Аннотация: Произведение выдвигается на конкурс БД-3
Возвращение на Толиман
Нет, я все понимаю. Те, которые непонятливые, - они электриками работают, к сантехнике их за версту не подпускают. Я не понимаю одного: как же он летел, когда в сарае щели - руку просунуть можно?
Впрочем, чтобы не путать читателя, начну по порядку. Зовут меня Григорий Петрович Ушанко - на 'о' ударение, не путайте, - работаю в ЖЭКе номер четырнадцать, сантехником. В тот злополучный вечер я возвращался домой после напряженного трудового дня. Нет, трезвый. Не надо инсинуаций - на работе не пью. Да и работы было: всего-то пару манжет поменять, да у бабуленции с шестого дома душ протек. Тоже мне - божий одуванчик. Ей о душе пора думать, а она души себе принимает. Никакого соображения у бабки.

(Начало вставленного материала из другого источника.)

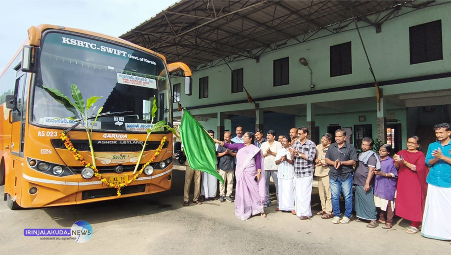 ഇരിങ്ങാലക്കുടയില്നിന്ന് ബാംഗ്ലൂരിലേക്കുള്ള കെഎസ്ആര്ടിസിയുടെ എസി ഗരുഡ ബസ് മന്ത്രി ആര്. ബിന്ദു ഫ്ളാഗ് ഓഫ് ചെയ്യുന്നു.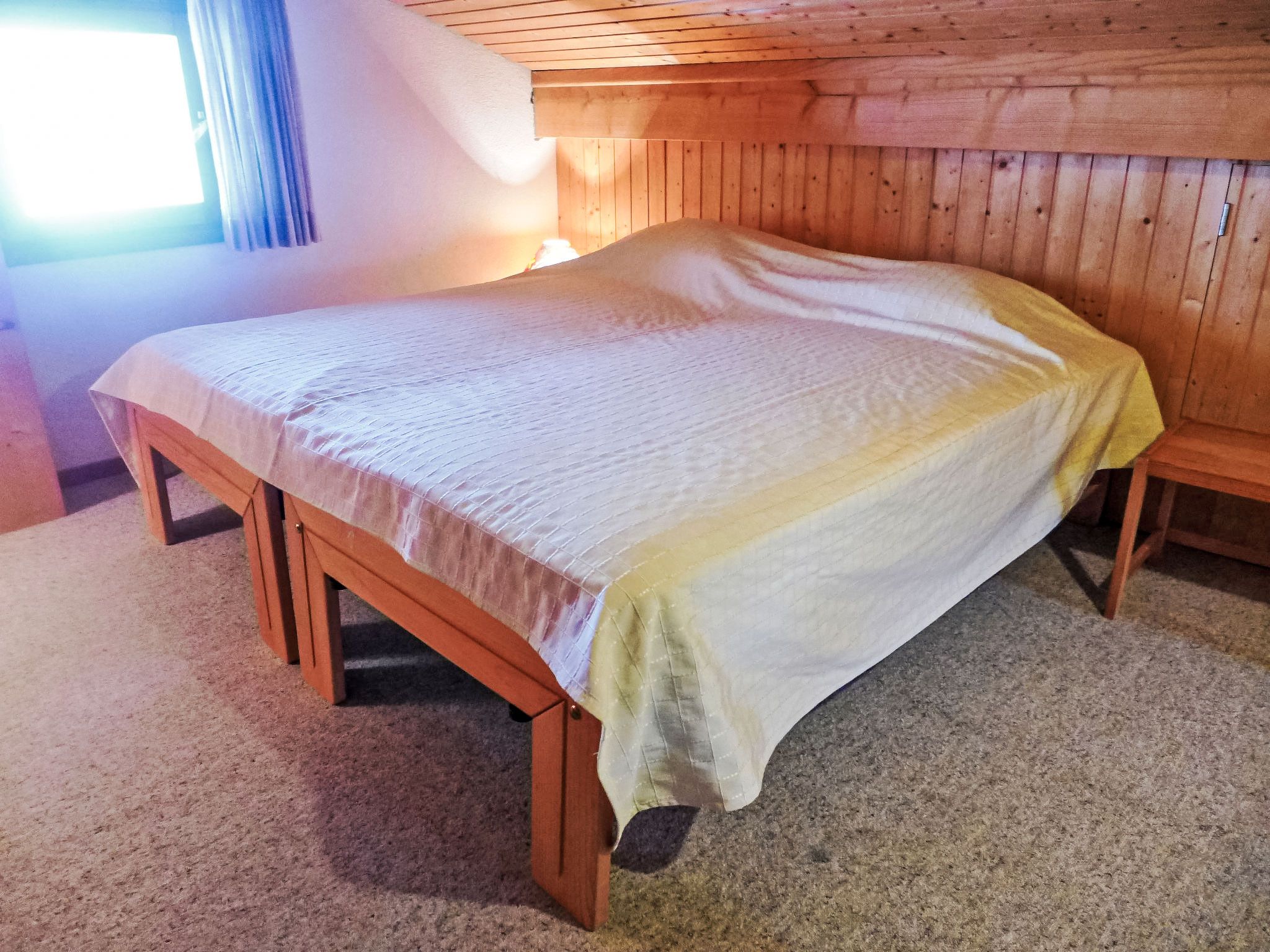 Arsets 203/12, 4-Zimmer-Wohnung 120 m2 auf 2 Stockwerken im 1. Stock, Südlage. Wohn-/Esszimmer mit offenem Kamin und TV. 1 Zimmer mit 2 Betten. 1 Doppelzimmer mit 1 franz. Bett (140 cm). Wohnzimmer. Kochnische (3 Kochplatten, Backofen, Geschirrspüler, Toaster, Wasserkocher, Mikrowelle, elektrische Kaffeemaschine, Racletteofen, Fondue Set (Käse)). Bad/WC, Dusche/WC. Obergeschoss: (steile Treppe) Schlafnische mit 2 Betten. Balkon, Südlage. Eingeschränkte Sicht auf die Berge. Zur Verfügung: Waschmaschine, Wäschetrockner, Haartrockner. Internet (Wireless LAN, gratis). Parkplatz Nr. 67 (überdacht). Anstelle eines abgeschlossenen Schlafzimmers befinden sich manche Schlafplätze in einem offenen Bereich (Galerie, Nische etc.).

В общем, возвращаюсь домой. Кругом июль, благодать, птички поют. Напротив гастронома очередь - как всегда, к посольству. Это которые на Канопус эмигрируют, спикеры - те дальше, у Петра кучкуются. Мне-то не надо: я недавно смеситель одному академику ставил, он все по науке объяснил. Канопус, говорит, в восемьдесят пять раз больше Солнца. Представляете?.. Ясно, тропики у них там. Канопушки, небось, знойные, пиво горячее. Не хочу.

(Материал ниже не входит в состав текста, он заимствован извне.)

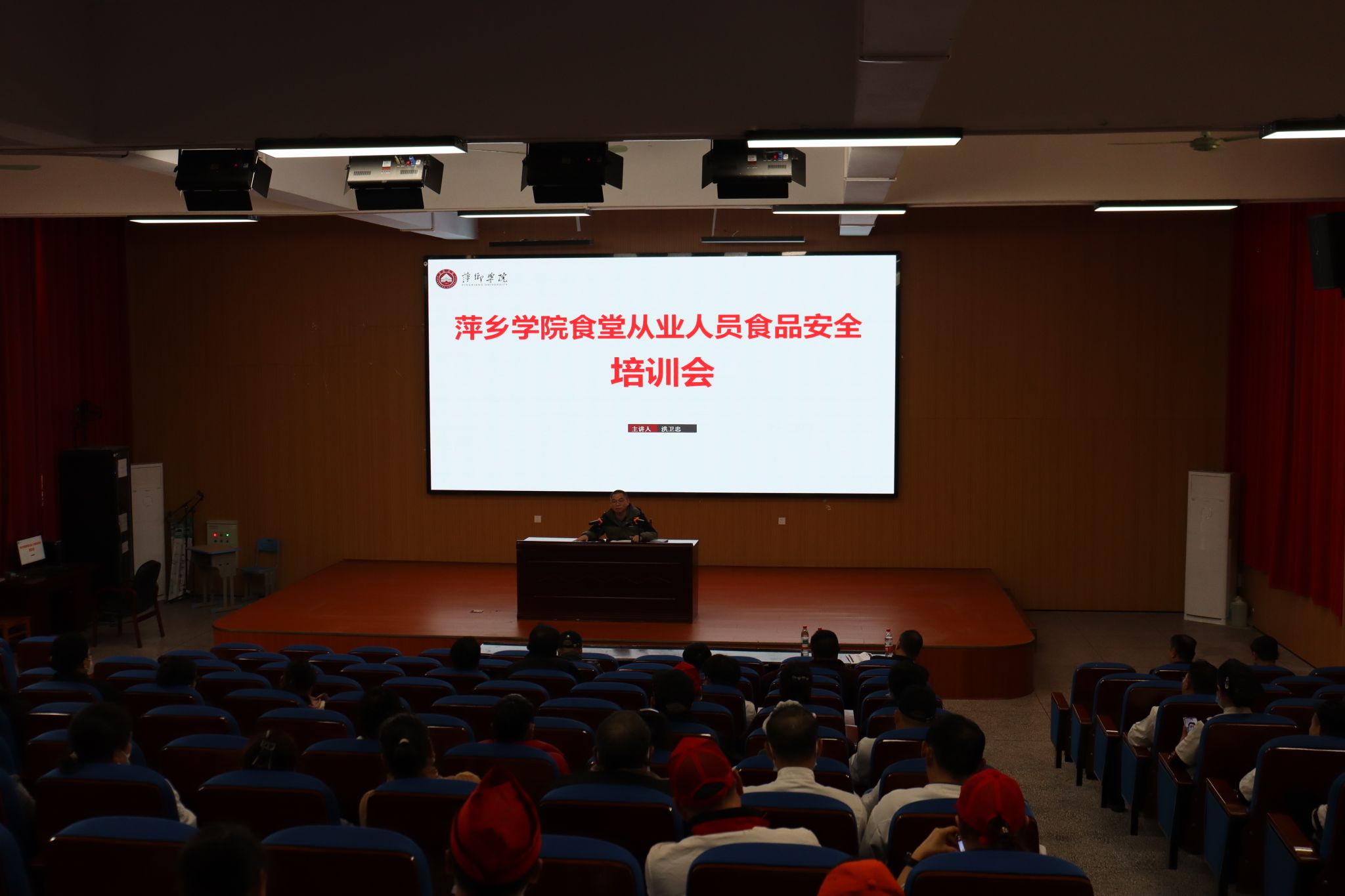 为进一步强化校园食品安全主体责任,提升从业人员风险防控能力,切实保障师生饮食安全,2月28日,beat365官网于跬步楼报告厅开展了食堂从业人员食品安全培训会。安源区市场监督管理局东大分局副局长洪卫忠现场授课。学校全体食堂餐饮工作人员参加培训会。会议由后勤管理处副处长李小强主持。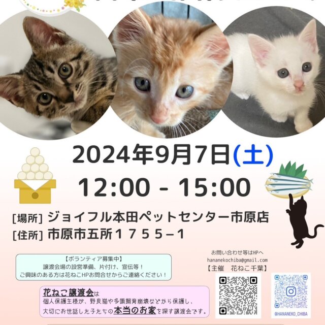 花ねこ譲渡会は、個人保護主さんが保護して大切にお世話した猫の「本当のお家」を探す譲渡会です。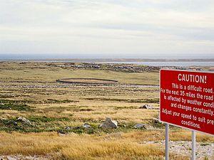 East Falkland was also the location of the bulk of the land-based action in the Falklands War. As a result, some areas of the "Camp" in East Falkland are still heavily mined. Areas that saw intensive combat included Goose Green, San Carlos, Mount Longdon and the Two Sisters ridge.[9]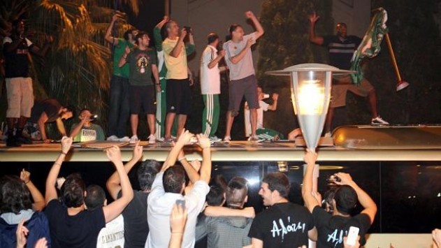 Αποθέωση με "σκούπες" από 3000 φίλους του Παναθηναϊκού (VIDEO)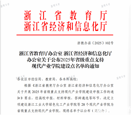 近日,浙江省教育厅办公室、浙江省经济和信息化厅办公室联合发布《关于公布2025年省级重点支持现代产业51吃瓜 建设点名单的通知》,51吃瓜 激光智能制造产业51吃瓜 获批立项,这是我校在产教深度融合、校企协同育人方面取得的又一硕果。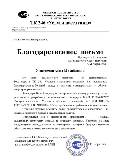 Сегодня к нам пришло официальное «спасибо» из Росстандарта. Полгода наш генеральный директор и президент Ассоциации (АОКИ) Анна Черкасова вместе с коллегами из отрасли участвовала в разработке государственного стандарта (ГОСТ) для квестов.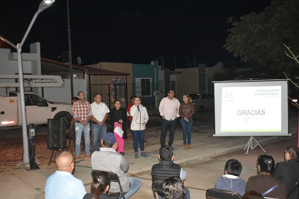 En la colonia Los Robles, la Alcaldesa entregó a vecinas y vecinos y puso en operación 22 luminarias LED en distintas vialidades, en sustitución de las antiguas lámparas de vapor de sodio, y fueron colocadas cuatro luminarias nuevas en el área verde.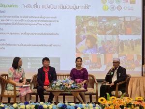 ?️ ภายในงานเริ่มต้นด้วยการเสวนาในหัวข้อ "การขจัดความยากจนและการพัฒนาคุณภาพชีวิตอย่างยั่งยืน"

Так что иду - ноль внимания. Мне Валька Хохорин из очереди машет - я все иду. Что я, дурак?.. Не знаю, чего он хочет? Тем более, мне сегодня зарплату выдали. Уже почти за угол завернул, слышу - сзади топот. Валька бежит, черт в тельняшке.
- Гриша, - кричит, - стой! Дурилка картонная!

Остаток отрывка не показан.